Thursday, February 14, 2013

New Avenue for Medical Vendors?

A difficult trend may be in the making. Difficult, that is, for carriers and employers, collectively referred here as "payers."

The complex interaction of workers' compensation laws with other laws, both federal and state, sometimes create circumstances that just can't be predicted, and once these circumstances are identified they quickly morph into a trend that results in new pressures.

The Medicare Secondary Payer Act (MSPA) is mostly looked at as some pesky law that interferes with the timely settlement of claims because of the requirement to satisfy elements satisfactory to avoid liability to the Centers for Medicare and Medicaid Services (CMS).

A creative position taken by a medical vendor in a no-fault auto liability MSPA claim may open the door to future payer headaches though and start a new trend for medical vendors seeking payment on denied or partially paid bills.

Jean Ellen Warner was in an October 2010 car accident that severely injured her.

Warner underwent neurosurgery with Michigan Spine and the surgery center sent a $24,645.001 bill to State Farm, which had provided Warner with no-fault auto insurance coverage at the time of her accident.

State Farm denied payment, asserting that Warner's spinal injuries predated the October 2010 collision and were attributable to a prior workplace accident.

Warner then submitted a claim to the CMS, which made a partial payment to Michigan Spine.
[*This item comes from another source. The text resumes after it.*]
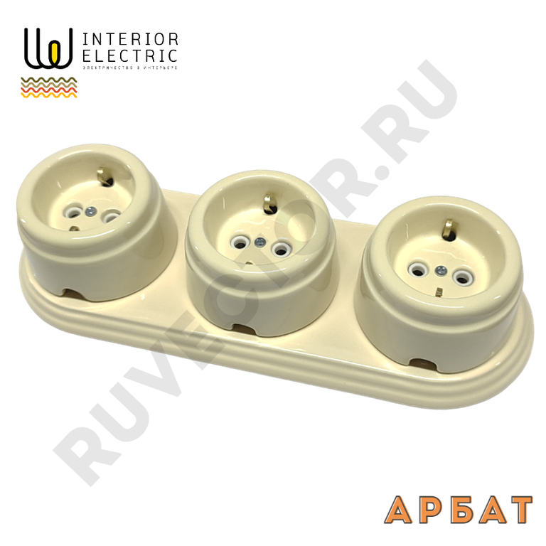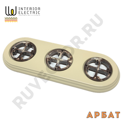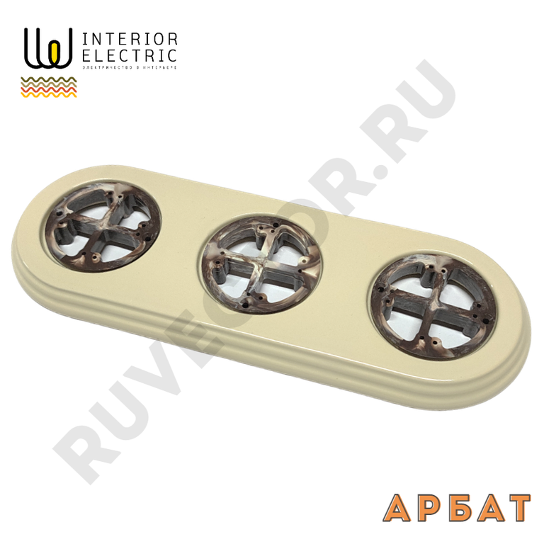 Тройная керамическая На Бревно подложка для ретро розеток слоновая кость.

Michigan Spine then sued State Farm under the MSPA's private enforcement provision, 42 U.S.C. Section 1395y(3)(A).

The MSPA pays for medical services when an insured who is also covered by Medicare is denied coverage by the primary payer. The act allows the CMS to later seek reimbursement from the primary payer if coverage was wrongfully denied. The act also has a private enforcement provision, which Michigan Spine invoked.

State Farm moved for summary judgment, arguing that Michigan Spine had no right to sue before a court or other adjudicative body has determined whether or not State Farm was in fact liable for the medical care Michigan Spine had provided.

State Farm lost at the Federal District Court level in the 6th Circuit.

The 6th Circuit acknowledged that federal courts had held that the private insurer's responsibility to pay must be "demonstrated" via a prior judgment or settlement in order for a private insurer to be liable under the act. But after engaging in a close reading of the act's "tortuous text" and studying its amendment history, the 6th Circuit ruled that a private insurer's responsibility had to be "demonstrated" only when the CMS brings a claim for reimbursement.

When a health care provider is the party seeking payment, the 6th Circuit said, it need not "demonstrate" the insurer's responsibility to pay before bringing a lawsuit under the act.

The court ruled that Michigan Spine did not need to obtain a judgment on State Farm's obligation to pay for Warner's care in order to sue the carrier for payment.

One question not addressed by the ruling is whether workers' compensation would be the exclusive remedy, since the case dealt with a no-fault automobile liability situation; clearly a conflict of authority that may provoke a jurisdictional fight in the near future.

The thinking from observers who are expert in the MSPA is that the ruling is applicable to comp since no-fault insurance and workers' compensation both fall within the umbrella of "non-group health plans" under the MSPA.

And there is close correlation between Michigan no-fault auto and workers' compensation. Both are "no fault" meaning it does not matter who or what caused the accident/injuries. Both pay for the injured/policy-holder's medical expenses, wage loss benefits and other costs. Both are mandatory.

But no-fault auto is not exclusive - if there is insufficient insurance to cover all damage claims the at-fault party may still be liable for damages in excess of policy limits. This is generally not the case in workers' compensation unless there was some intentional aspect or violation of code where by liability outside of the exclusive remedy of comp is permitted.

One thing I have learned in my 29 years in The Law, however, is never say "never."

Just when payers thought they were getting some control over medical costs...

Wow.

The case is Michigan Spine & Brain Surgeons v. State Farm Mutual Automobile Insurance Co., No. 12-CV-11329.